Soweit unterschiedliche Bezahlung durch bessere Vor- und Ausbildung, besondere Fertigkeiten, Erfahrung durch lange Firmenzugehörigkeit usw. bedingt ist, ist dies gerechtfertigt, denn dies gilt ebenso für Männer. Dass es bei gleichen Voraussetzungen aber heute noch unterschiedliche Bezahlungen von Männern und Frauen in manchen Wirtschaftsbereichen gibt, ist nicht zu akzeptieren und muss abgeschafft werden. Auch hier muss gelten: Gleiches Geld für gleiche Arbeit!
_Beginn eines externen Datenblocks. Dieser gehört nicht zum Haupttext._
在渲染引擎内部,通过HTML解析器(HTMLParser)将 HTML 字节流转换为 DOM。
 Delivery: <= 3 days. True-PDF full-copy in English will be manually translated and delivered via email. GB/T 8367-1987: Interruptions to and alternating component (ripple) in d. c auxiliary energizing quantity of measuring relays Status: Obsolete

In einer Zeit, wo viele Frauen ihre Kinder allein erziehen müssen, da sich Familien anders als früher schneller auflösen und andere gezwungenermaßen hinzuverdienen müssen, weil das Einkommen zum Auskommen nicht reicht, gibt es keinen Grund mehr, Männer besser zu bezahlen. Gerade in einer Zeit, wo viele Ehen geschieden werden, ist es für Frauen unabdingbar, ausreichend eigene Rentenansprüche zu erwerben. Und mit Aushilfsjobs und halben Stellen geht das nicht.
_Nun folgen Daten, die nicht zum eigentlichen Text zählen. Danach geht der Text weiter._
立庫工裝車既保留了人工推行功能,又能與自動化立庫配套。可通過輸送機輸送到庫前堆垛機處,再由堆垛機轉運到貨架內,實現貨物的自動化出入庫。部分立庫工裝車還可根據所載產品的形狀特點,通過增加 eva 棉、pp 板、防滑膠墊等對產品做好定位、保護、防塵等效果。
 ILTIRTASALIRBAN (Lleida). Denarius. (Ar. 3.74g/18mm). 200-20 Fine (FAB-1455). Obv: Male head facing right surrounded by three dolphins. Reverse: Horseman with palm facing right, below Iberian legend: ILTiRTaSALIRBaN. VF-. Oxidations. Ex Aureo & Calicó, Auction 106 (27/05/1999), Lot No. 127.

Woran aber liegt es, dass viele Frauen in unteren Lohn- und Entgeltbereichen tätig sind?
Eltern, die aus vielerlei Gründen schon seit Jahrzehnten im Niedriglohnbereich tätig waren oder Hartz IV bzw. früher Fürsorge bezogen, sind oft nicht in der Lage, ihre Kinder zu einem Leben, in dem es ihnen besser gehen soll, zu motivieren. Oft liegt es auch an der Vorbildung, weil Eltern eher geneigt sind, dem Sohn als späterem Ernährer einer Familie – was heute gar nicht mehr so richtig ist – das Studium zu finanzieren als der Tochter, denn die heiratet ja eh einmal und bleibt wegen der Kinder zu Hause. Die mittlere Generation wie meine Kinder denken da schon anders. Die Unterbrechung durch die Kindererziehungszeiten lassen in der Schnelllebigkeit auch der jetzigen Berufswelt den Anschluss und erst recht die Karrieremöglichkeiten im erlernten Beruf oft nicht mehr zu. Da Frauen auch oftmals noch die Hausarbeit erledigen müssen, fehlen auch zeitlich die Möglicheiten.
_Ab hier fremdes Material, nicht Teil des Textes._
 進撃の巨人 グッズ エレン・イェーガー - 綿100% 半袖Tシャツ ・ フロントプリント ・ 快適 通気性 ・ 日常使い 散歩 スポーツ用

Wir alle wissen, wie schwer es ist auch Frauen für die aktive Kommunalpolitik zu gewinnen. Die Parteien würden gern mehr Kandidatinnen aufstellen, allein es fehlt an Bewerberinnen und oft auch am Selbstvertrauen, dafür geeignet zu sein.
Noch ein Wort zu Sexismus und Missbrauch. Nach meiner Meinung bezieht sich dies nicht nur auf Frauen, sondern auf alle Menschen und zwar unabhängig vom Milieu. Auch unter Schwulen und Lesben gibt es das, wie Olivia Johns letztens in einer Talkshow sagte. Und die muss es ja wissen. Wer die Macht hat oder glaubt, sie zu haben, ist immer in der Versuchung, dies gegenüber „rangniederen“ Personen auch zu nutzen. Sexuelle Übergriffe gibt es laut Statistik vornehmlich im Bereich der engeren und weiteren Familien und auch der Nachbarschaft. Nicht nur Frauen, auch Kinder, Behinderte und psychisch Gestörte sind häufig Opfer. Auch im Erziehungs- und Pflegebereich wird Macht ausgeübt. Pfleger in Krankenhäusern und Alten- und Kinderheimen, Schulen und Internate (Odenwaldschule), Lehrer, Trainer in Sportvereinen und auch der kirchliche Bereich sind nicht davon ausgenommen, ihre Positionen zum Schaden der Schutzbedürftigen auszunutzen. Von daher ist der Frauenförderplan nicht überflüssig, sondern nur ein Teilaspekt dessen, was es alles noch zu tun gibt.
Nur vor einem möchte ich warnen: Wir sollten uns davor hüten, die Frauen, die ihre Bestimmung und ihre Erfüllung darin sehen, den Haushalt ordentlich zu führen und die Kinder zu erziehen, ihrerseits zu diskriminieren. Das haben sie nicht verdient. Ihr Beruf ist die Familie und bei zwei oder mehr Kindern ist das ein Fulltime-Job.